**RECORDS PROVIDED:**
•••••
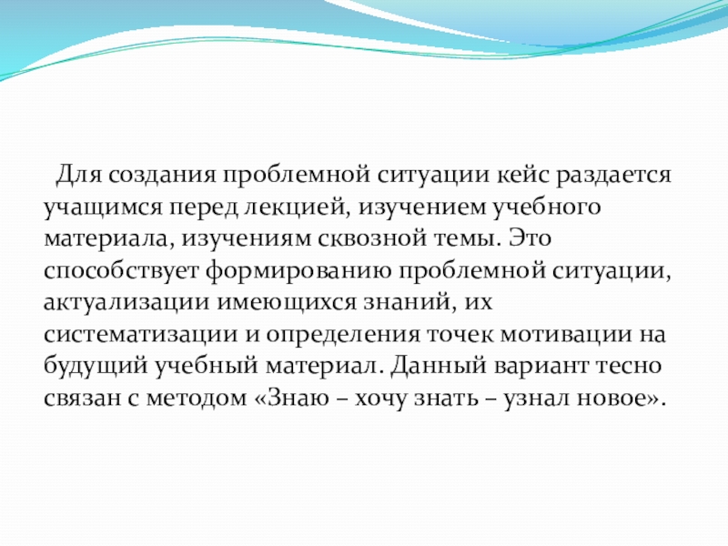 Слайд 15 Для создания проблемной ситуации кейс раздается учащимся перед лекцией, изучением
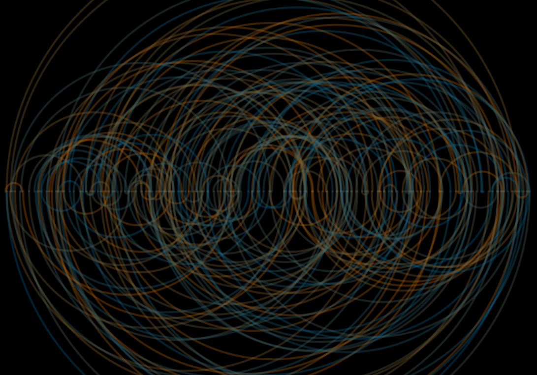 That’s a start, but it’s very cluttered. Let’s draw every other semi-circle below that number-line.
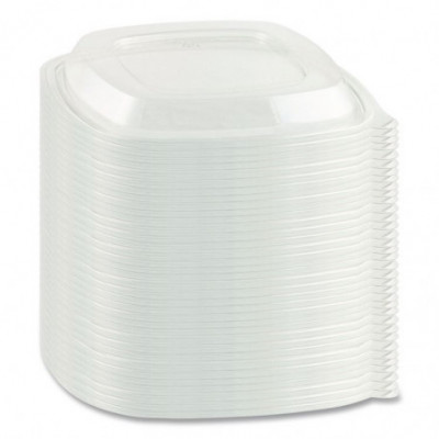 Inner/outer double-seal provides a leak-resistant seal. Large textured tabs, provide for easy opening by customers. An interlocking feature on the bowl and lid assures positive stacking on display or in the bag.
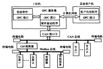 系统的总体设计方案如图2所示。由于大多数组态软件不支持CAN总线,因此组态软件和CAN总线数据交换通常采用DDE方式和OPC方式。笔者采用ZLGCAN接口卡和ZOPC SERVER,以OPC方式实现组态软件与CAN总线的数据交换。连接在计算机网络中的其它客户端应用程序也可以通过OPC接口访问现场的数据,很方便地实现数据的远程监控。在整个控制系统中,CAN现场总线作为上层监控网络,上位机通过CAN接口卡与CAN总线上的各个节点连接.Modbus总线作为应用设备层网络.用于连接Modbus仪表设备、支持Modbus协议的变频器等,通过CAN转换器实现Modbus总线到CAN现场总线的转换。从而实现上位机监控软件对Modbus总线网络的各设备进行配置和数据监控。此系统具有开发成本低、应用灵活、易于管理等特点。
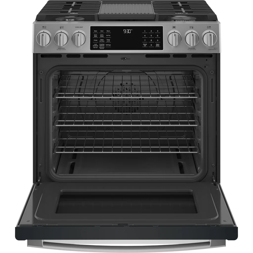 GE Profile 30″ Gas Range PGS930YPFS: 5.6 cu ft oven, 5 burners, Convection, Wi-Fi SmartHQ, self-cleaning, durable grates.
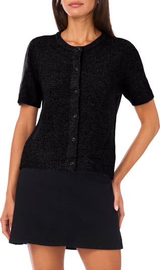 Add a bit of refined prep to your casual look with this cardi featuring a curve-skimming silhouette and short sleeves.
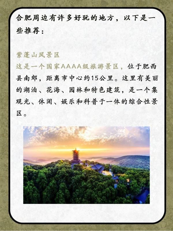 紫蓬山风景区:这是一个国家AAAA级旅游景区,位于肥西县南郊,距离市中心约15公里。这里有美丽的湖泊、花海、园林和特色建筑,是一个集观光、休闲、娱乐和科普于一体的综合性景区。
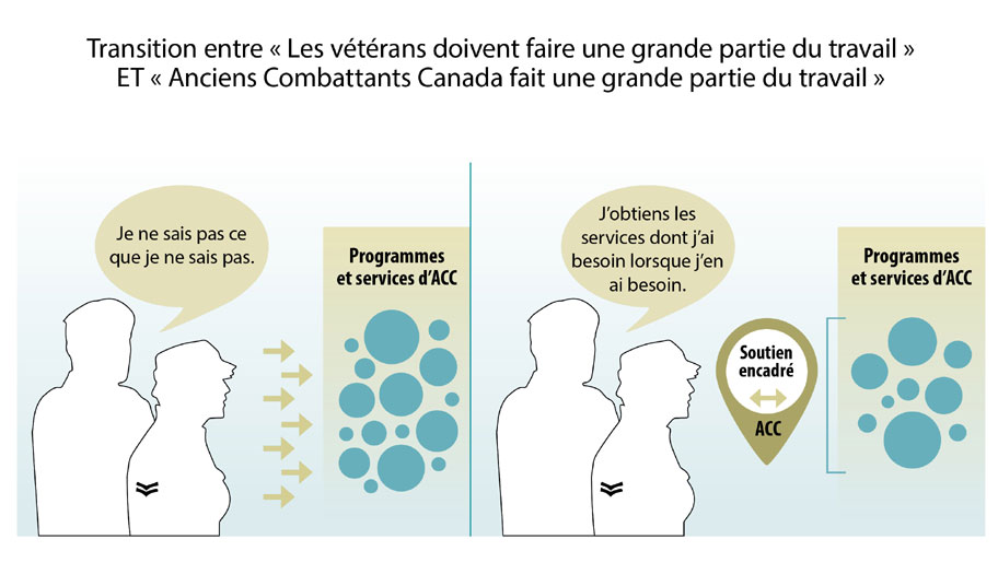 Il était clair que le Ministère avait besoin d’amorcer un changement fondamental dans sa façon d’accompagner les hommes et les femmes qui ont servi notre pays et comptent sur nos services. De nombreux vétérans estiment qu’ils ne profitent pas pleinement des services et des avantages, parce qu’ils ne sont pas au courant de ce qui existe ou tout simplement parce qu’ils ne savent pas quelles questions poser.
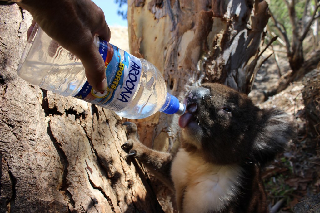 I left the area to finish the first part of my walk and when I got back about an hour later the same koala was back at the bottom of the tree. This time I approached very slowly and it climbed only to my waist level and stopped. I stopped too, sat down and waited a while. I also talked reassuringly. It looked very hot and parched so I took my water bottle out and gingerly advanced a few more steps, sat down, waited some more, advanced a bit more again until I was eventually within arm’s reach. I held out the water bottle and poured a few drops onto the ground so the koala could see what it was. I then leaned in and poured some water onto its nose and straight away it started to drink. It eventually drank about half my remaining water and at one time it even took the bottle off me but then dropped it. I was a wonderful experience and it even let me pet it a little. I shouldn’t have but simply couldn’t resist it. It’s great when an animal trusts you enough to allow you this close and to hopefully even help it. I’ve seen this koala up the same tree once before so it’ll be interesting to see what happens if I ever see it again. Check out the following photos.
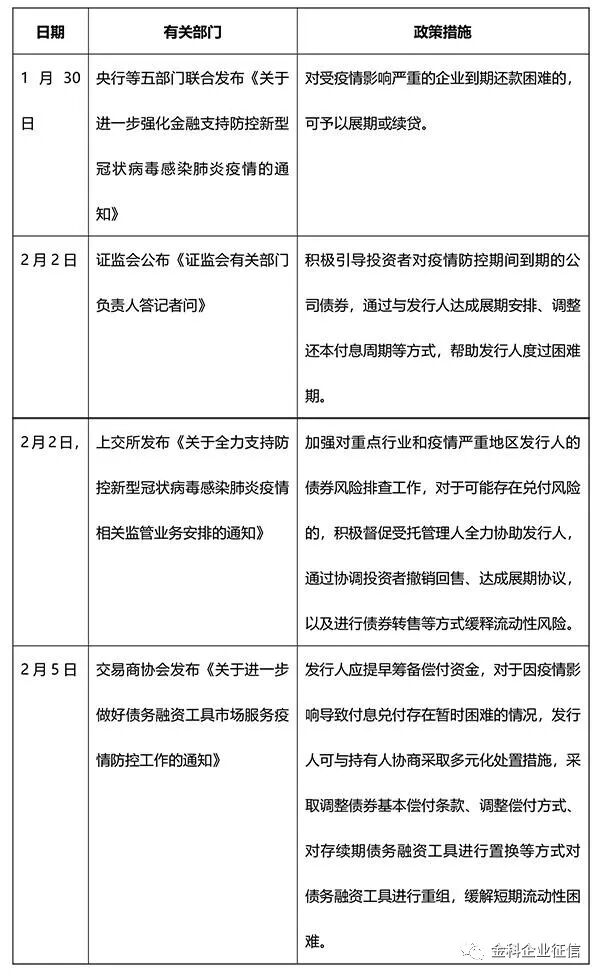 2月2日证监会公布《证监会有关部门负责人答记者问》积极引导投资者对疫情防控期间到期的公司债券,通过与发行人达成展期安排、调整还本付息周期等方式,帮助发行人度过困难期。2月2日,上交所发布《关于全力支持防控新型冠状病毒感染肺炎疫情相关监管业务安排的通知》加强对重点行业和疫情严重地区发行人的债券风险排查工作,对于可能存在兑付风险的,积极督促受托管理人全力协助发行人,通过协调投资者撤销回售、达成展期协议,以及进行债券转售等方式缓释流动性风险。
•••••
**EXERCISE AIM:** Reproduce the lines above starting at the one with "Add a bit of" and ending at the one with "紫蓬山风景区:这是一个国家A", both included, exactly and with no pictures.

**RESULT OF THE TASK:**
 Add a bit of refined prep to your casual look with this cardi featuring a curve-skimming silhouette and short sleeves.
 紫蓬山风景区:这是一个国家AAAA级旅游景区,位于肥西县南郊,距离市中心约15公里。这里有美丽的湖泊、花海、园林和特色建筑,是一个集观光、休闲、娱乐和科普于一体的综合性景区。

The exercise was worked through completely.